We shall not give up the fight,
We have only started …
Together we’ll have victory,
Hand holding hand …
Never ever put to flight,
We are bound to win …
We shall not give up the fight,
We have only started.[9]
© 2010 Paul Kellogg. This work is licensed under a CC BY 4.0 license.
References
[1] Stephen Hawking, A Brief History of Time (New York: Random House, 1988)
[2] Cited in “Pope sees Physicist Hawking at evolution gathering,” Reuters, October 31, 2008, www.reuters.com
[3] In Canada, this is a shame carried by both Protestant and Catholic religions. See Agnes Grant, No End of Grief – Indian Residential Schools in Canada (Winnipeg: Pemmican Publications Incorporated, 1996).
[4] All the ideas presented here developed through discussions with Abbie Bakan. For her analysis of religion, ideology and the fight against slavery in Jamaica, see Abigail B. Bakan, Ideology and Class Conflict in Jamaica (Montreal: McGill-Queen’s Press, 1990).
[5] Jean-Bertrand Aristide, In the Parish of the Poor: Writings from Haiti (Maryknoll, New York: Orbis Books, 1990).
[6] For a very useful overview, see the article by the late Chris Harman, “The prophet and the proletariat,” International Socialism Journal 64, Autumn 1994
[7] “Report-back from Cochabamba: World People’s Conference on Climate Change and the Rights of Mother Earth,” May 7, 2010, Toronto
[8] Explored at length in the still remarkable work by Karl Kautsky, Foundations of Christianity (London: Russell and Russell, 1953)

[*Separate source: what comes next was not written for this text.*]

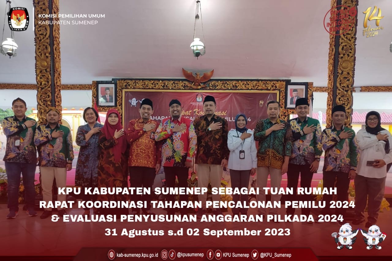 KPU Provinsi Laksanakan Rapat Koordinasi Tahapan Pencalonan Pemilu Tahun 2024 Dan Evaluasi Penyusunan Anggaran Pilkada 2024, KPU Kabupaten Sumenep Bertindak Sebagai Tuan Rumah

[9] “We Shall Not Give Up the Fight, (South African Freedom Song),” www.mudcat.org, “dedicated to the preservation and appreciation of traditional musics (sic)”
Thanks Fiona (and sorry for posting your comment twice). For me, the triggers for the review were a) the Latin; b) the purgatory symbolism; and c) the pasted on smiles of joy. No offence intended to the Unitarians.
Interesting. I am still trying to work through the final episode in my mind and come to some conclusion about what it meant. I too found the "purgatory"-like explanation didn't fit all that came before and felt a little like the classic "it was all a dream" cop-out.
Nevertheless, it was not lost on me that the building in which the survivors gather at the end is in fact a Unitarian "church". It's subtle, but the symbols of the world's major religions were shown prominently in at least one scene.
It doesn't make up for a fairly Christianity-centred storyline of course, but at least the setting implies a theology that draws from many faiths and from science.